Cobrança do Ministério da Justiça e da Senacon na solução do vazamento criminoso de dados e assédio aos idosos

O Idec encaminhou carta ao Ministro da Justiça, Sérgio Moro, e ao secretário Nacional do Consumidor, Luciano Timm, cobrando solução da questão do vazamento criminoso de dados da Administração Pública, e também com relação ao assédio aos idosos.

Alerta à Comissão de Defesa dos Direitos da Pessoa Idosa

O Idec contatou a Deputada Federal Lídice da Mata, Presidente da Comissão de Defesa dos Direitos da Pessoa Idosa (Cidoso), da Câmara dos Deputados, manifestando grande preocupação com os aspectos regulatórios que favorecem a abordagem abusiva dos consumidores e com o vazamento criminoso de dados dos beneficiários do INSS, requisitando que sejam tomadas medidas pela Comissão.

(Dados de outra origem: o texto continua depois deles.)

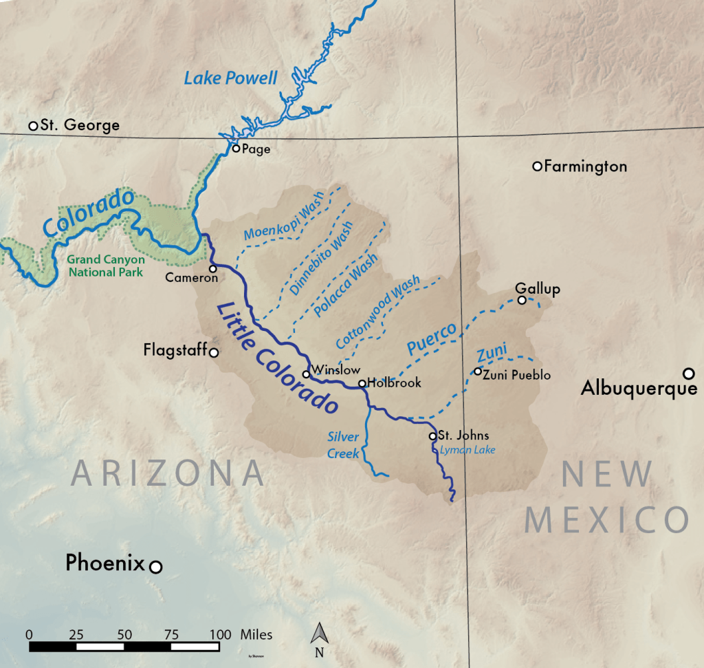 The Little Colorado River (LCR) is essentially a misnomer—“little” only in title and by comparison to the Colorado River. The LCR basin is 27,000 square miles of high deserts, mesas, and mountains near the center of the Colorado Plateau. Its grandeur can be understood from various angles. As part of the larger Colorado Plateau, the LCR basin has the highest agricultural and ethnolinguistic diversity north of the Tropic of Cancer. The river itself originates in the White Mountains where its headwater springs have been designated as a sacred site by the White Mountain Apache Tribe. From there, the river drops over 5,000 feet as it flows northwest to its Confluence with the Colorado River deep within Grand Canyon. As it nears the mainstem Colorado, the LCR cuts steeply into limestone and sandstone, creating the spectacular lower LCR gorge. Springs in the lower gorge provide the cerulean baseflow of the LCR, which at the Confluence with the Colorado is approximately 158,000 acre feet annually—equivalent to over half of Nevada’s allocation of Colorado River water.

Pedido de Audiência Pública à Comissão de Transparência, Governança, Fiscalização e Controle e Defesa do Consumidor (CTFC) e à Comissão de Defesa do Consumidor da Câmara dos Deputados

O Idec solicitou à CTFC do Senado e à CDC da Câmara dos Deputados que seja convocada audiência pública sobre o tema do vazamento de dados do INSS e práticas abusivas das instituições financeiras e indagações dirigidas ao INSS, instituições financeiras, Procons e demais associações de Defesa do Consumidor.